The Empire State Development Corporation (ESDC) wants the case dismissed. ESDC attorney Charles Webb, ruddy and white-haired, began confidently in his gravelly voice. “Lot 7501 is nomenclature for a tax lot that doesn’t exist,” Webb said, noting that, as stated in the legal papers, the city uses such a designation all over.

Moreover, the ESDC acquired both 38 Sixth Avenue and 24 Sixth Avenue, the building to which the easement was associated. “That extinguished the easement,” Webb declared.
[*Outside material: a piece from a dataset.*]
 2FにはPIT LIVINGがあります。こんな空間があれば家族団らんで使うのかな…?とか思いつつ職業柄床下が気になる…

And PWE, he said, relinquished all claims. “This is just a fictitious opportunity to try to get more money,” Webb stated with disdain. (Williams has said he's motivated by money.)

Forest City Ratner attorney Jeffrey Braun, in diplomatic tones, added, “It was clear from the document it was intended to run with the land. Contrary to what the complaint tries to say, there’s just nothing out there.”

Plaintiff's case

PWE attorney Matthew Brinckerhoff, who had represented Williams and several others in the Atlantic Yards eminent domain cases, got up, undeterred. He noted that the legal right was described both as an easement and an indenture.
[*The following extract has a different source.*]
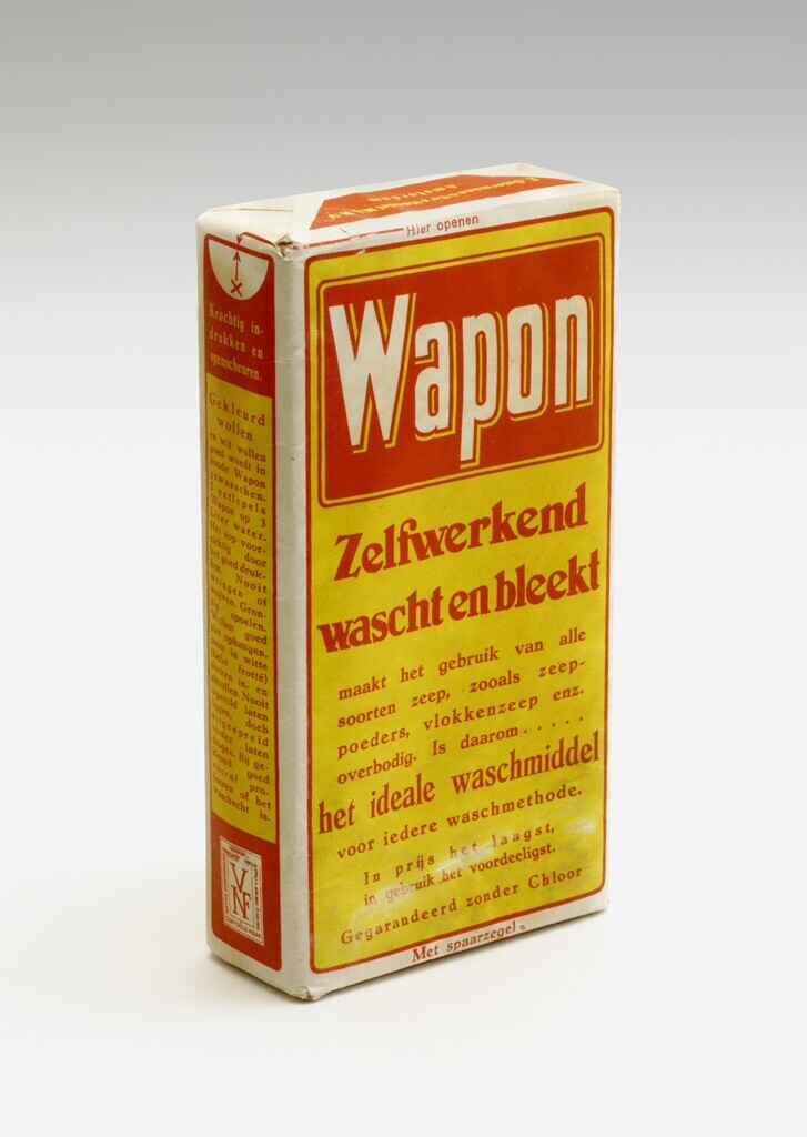 Een pak wasmiddel 'Wapon Zelfwerkend Wascht en Bleekt'.

In the contract, PWE’s property was described as “the right to everything in the air above the [building] plane,” Brinckerhoff said. “That’s not how easements are described.”
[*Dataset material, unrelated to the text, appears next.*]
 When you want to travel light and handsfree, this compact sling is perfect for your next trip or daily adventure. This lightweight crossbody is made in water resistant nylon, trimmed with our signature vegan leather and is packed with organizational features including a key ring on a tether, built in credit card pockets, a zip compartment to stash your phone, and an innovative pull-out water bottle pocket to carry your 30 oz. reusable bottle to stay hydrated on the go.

Moreover, despite the claims in the papers, this was the only condo building in the Atlantic Yards footprint that had such a Lot 7501. “We have a legal and factual dispute that can’t be resolved on a motion to dismiss,” Brinckerhoff said.

The eminent domain declaration designed properties by block and lot, not the metes and bounds physical description, he noted; it also said that, in the case of any confusion, the blocks and lots would control. “There’s a big ambiguity and discrepancy here,” he said.

As for the ESDC’s argument that he didn’t answer all the charges in their motions, Brinckerhoff said they were inappropriate for the motion to dismiss.

Questions of details

The release of claims signed by PWE was limited to 38 Sixth Avenue, and the state appraisal similarly limited, Brinckerhoff said. He read the text of the release, in which PWE disavowed any claims arising from the deal for 38 Sixth Avenue.

Gerges interrupted: “It said all claims, including…

“All claims that could be brought in the condemnation proceeding,” Brinckerhoff responded. “It had never been condemned in the first place. It’s their mistake.”

Webb got up: “What he failed to read was including but not limited to. The release clearly takes care of all possible claims.

Two offers?

Also, Webb said, the ESDC made two separate offers to PWE; for the building and for the easement.

“Was that a written order?” asked Gerges.

Yes, responded Webb.

He paused for several moments, consulted a colleague, and offered a clarification. While the appraisal the ESDC ordered had two parts, “when he made the offer, we lumped them together,” he acknowledged.

Gerges asked Brinckerhoff if PWE had ordered its own appraisal.

No, Brinckerhoff, it never got that far. But it’s clear, he said, that the ESDC’s pre-vesting offer to PWE did not separate the two parts.

“That’s not what I heard,” Gerges said.

Brinckerhoff pointed to the distinction between the appraisal and the offer.

“You never exchanged it,” asked Gerges.

“We never got to that,” Webb acknowledged.

Last points

Brinckerhoff asked for the opportunity to make one more point.

“I never stop people from talking,” Gerges responded drily, with his Borscht Belt timing.

FCR attorney Braun, slightly slower on the trigger had also gotten up to speak, and remained standing for a bit as Brinckerhoff continued.

Brinckerhoff said that the compensation to PWE “was strictly limited to Mr. Williams’s building at 38 Sixth Avenue."

Braun this time had more of an edge in his voice. “The counsel for the plaintiffs,” he said, “urged the court to read the [original sale] document. I join that request. All it does is grant an easement of light and air.”

Gerges said he wanted to get the parties together to perhaps work something out. They’re due back in court on Thursday, August 12 at noon.